I'm not familiar with Windows 11 LTSC, but I am familiar with Windows 10 LTSC. It's missing a number of libraries and other things that prevent a number of programs from running on 10 LTSC, including the ones I need. Microsoft is a b@st@rds, but they're not stupids.

No they aren't, but neither are they all-seeing and knowing.

The best course of action to mitigate this would be to install Win 11 LTSC and then add in the stuff that's missing. I did some research:

  1. In 2026, it is easier to add back in the missing DirectX End-User Runtimes and the Visual C++ All-in-One redistributables than it used to be.

Apps like 3ds Max and ZBrush primarily need the C++ 2015-2022 Redistributables (both x86 and x64) and DirectX 9/10/11 legacy DLLs. You can download a single "All-in-One" installer from community sources (like TechPowerUp or GitHub), that reinstalls them.

As for proprietary drivers, your Wacom and 3Dconnexion drivers will work fine on LTSC because the underlying architecture is identical to Pro.

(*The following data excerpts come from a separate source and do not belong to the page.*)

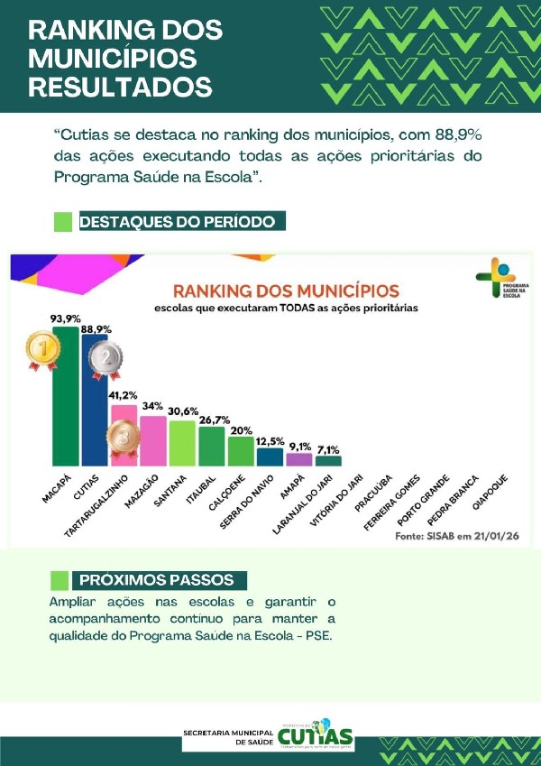 O município de Cutias do Araguari conquistou um importante destaque no Ranking dos Municípios que executaram as ações prioritárias do Programa Saúde na Escola (PSE), alcançando 88,9% de execução das ações previstas. O resultado posiciona o município entre os melhores desempenhos do período avaliado.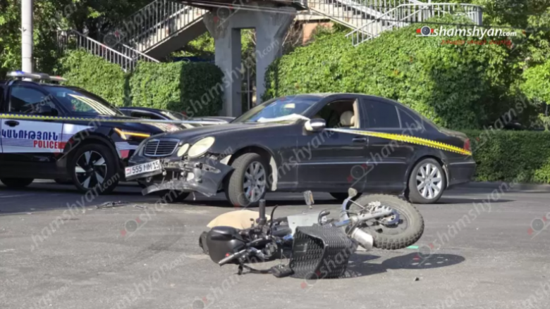 Երևանում բախվել են «Mercedes»-ն ու մոտոցիկլը. մոտոցիկլավարն ու ուղևորը, ովքեր մայր ու անչափահաս որդի են, տեղափոխվել են հիվանդանոց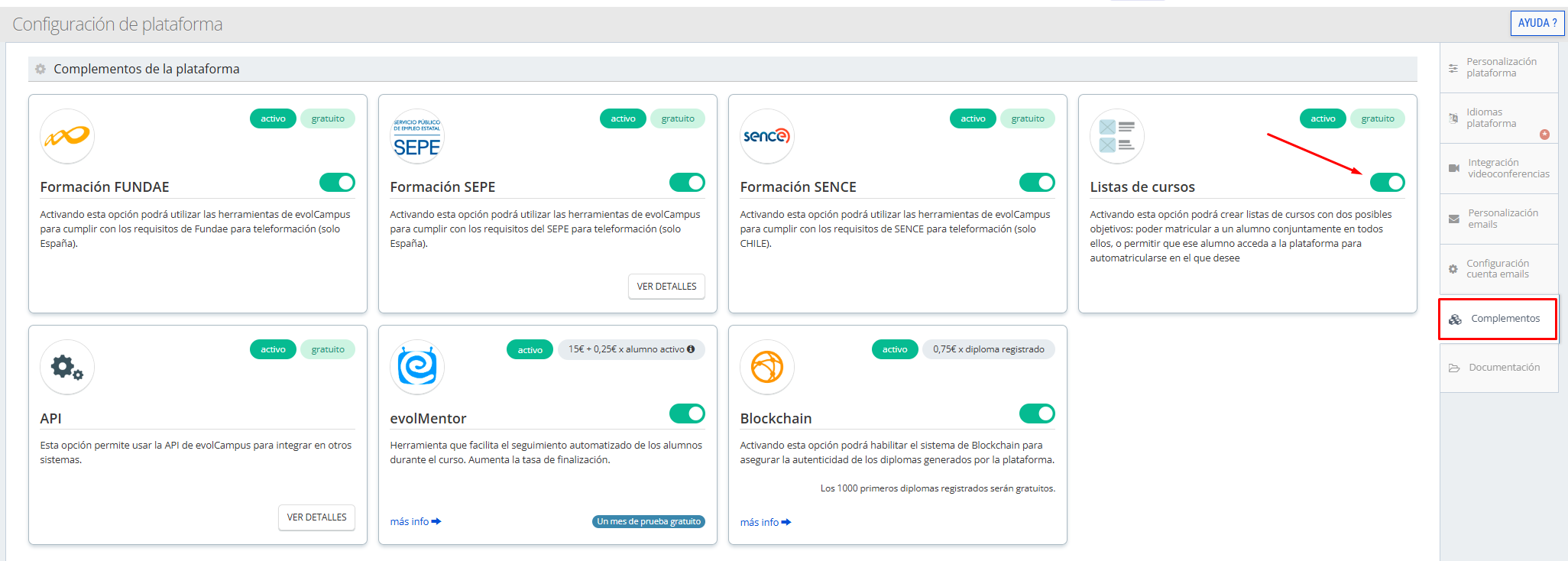Para tenerlas disponibles en el menú de cursos hay que activar "listas de cursos" en el menú de Configuración => Complementos: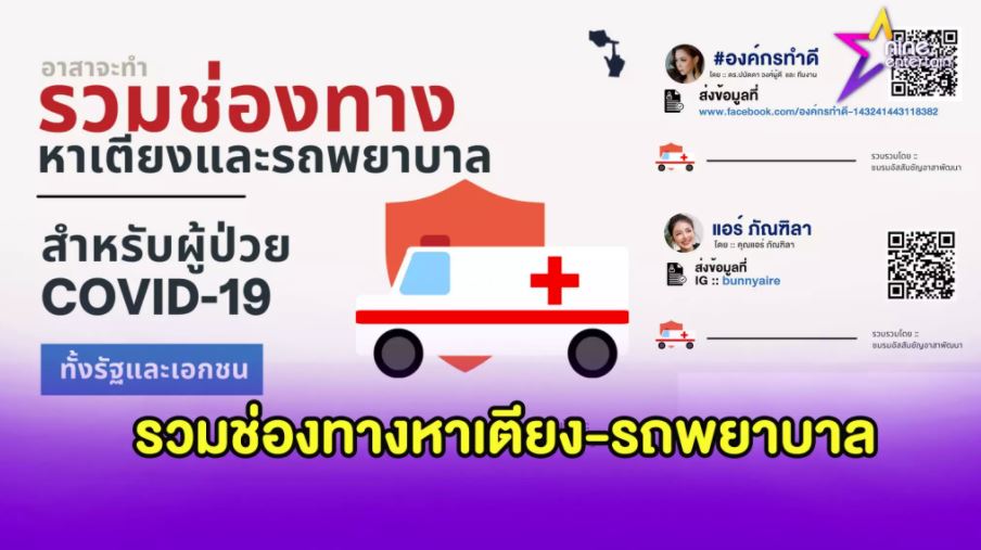 รวมทั้งเหล่าดาราที่เป็นกระบอกเสียงอย่างประธานองค์กรทำดี “ดร.บุ๋ม ปนัดดา” และสาว “แอร์ ภัรฑิลา” ที่ออกมาโพสต์ช่องทางการติดต่อเพื่อช่วยเหลือผู้ป่วยโควิดเช่นกัน และยังมีเพจต่าง ๆ ทั้งโรงพยาบาล หน่วยงานอีกหลายหน่วยงานที่พร้อมใจกันช่วยเหลืออย่างเต็มที่.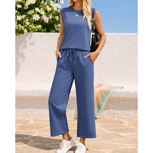 Per donna Set di tute e pullover Tuta da 2 pezzi Abiti da salotto Coulisse con tasca Tinta unita Set di Abbigliamento Sportivo Estate Primavera blu navy Nero Allenamento in Palestra Jogging Corsa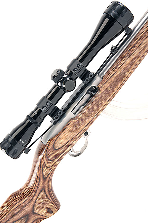STURM, RUGER & CO. .22 L.R. 'MODEL 10/22' SELF-LOADING SPORTING CARBINE, serial no. 246-45556, 18 1/2in. stainless nitro barrel, block-mounted bead fore-sight, folding rear-sight, fitted with an un-named 6x40 telescopic sight, manual safety, detachable banana magazine with spare, 14in. pistolgrip laminated stock

Once you install your missing libraries, they will stay there, because LTSC only receives security patches and not feature updates.

  1. Even with LTSC, it would be a very good idea to get a hardware firewall (pfSense/OPNsense are good - $200 to $300). Because even a "zero" level of telemetry is not silence. It will activate to verify your hardware/firmware hasn't been tampered with (tpm 2.0, secure boot, etc.) Also, it pings ms to check policy status and certificate revocation lists and arcana like that. Your machine has a fingerprint bound to something called your TPM endorsement key, which a hardware firewall can block. If it tries to leave via their high traffic node (13.107.4.52), the hardware firewall kills it. It can do this because by definition a hardware firewall is completely outside the "circle of trust" of the os.

The only way Microsoft gets around a hardware firewall is via Encrypted DNS (DoH) and SNI (Server Name Indication). If Windows hides the destination of its traffic inside an encrypted HTTPS tunnel to a generic Microsoft server (like outlook.com), the firewall might struggle to tell "telemetry" apart from "legitimate mail." What to do? Here's what I found: ***

BTW, in seeking a copy of Windows 11 IoT LTSC, avoid the "N" version (the European version). It is missing a great deal (media feature pack, codecs, DirectX runtimes, etc.)


From Google Gemini search:

  1. Block DoH

Windows 11 tries to use DoH to bypass your local DNS filters. If it can't resolve the "bad" domains through your firewall, it will try to ask Google (8.8.8.8) or Cloudflare (1.1.1.1) directly over port 443.

The Fix: On your hardware firewall (pfSense/OPNsense), use a DoH Blocklist (like those from Hagezi). This is an alias of known IP addresses for encrypted DNS providers.

The Rule: Any traffic from your Windows machine trying to reach these specific IPs on Port 443 is blocked. This forces Windows to "fall back" to your local, unencrypted DNS, where you can see exactly what it’s asking for and block it.

  1. Defeat SNI via "Force-Routing"

SNI (Server Name Indication) is part of the TLS handshake that tells the server which website you're visiting. Microsoft uses "Domain Fronting" to make telemetry look like legitimate traffic.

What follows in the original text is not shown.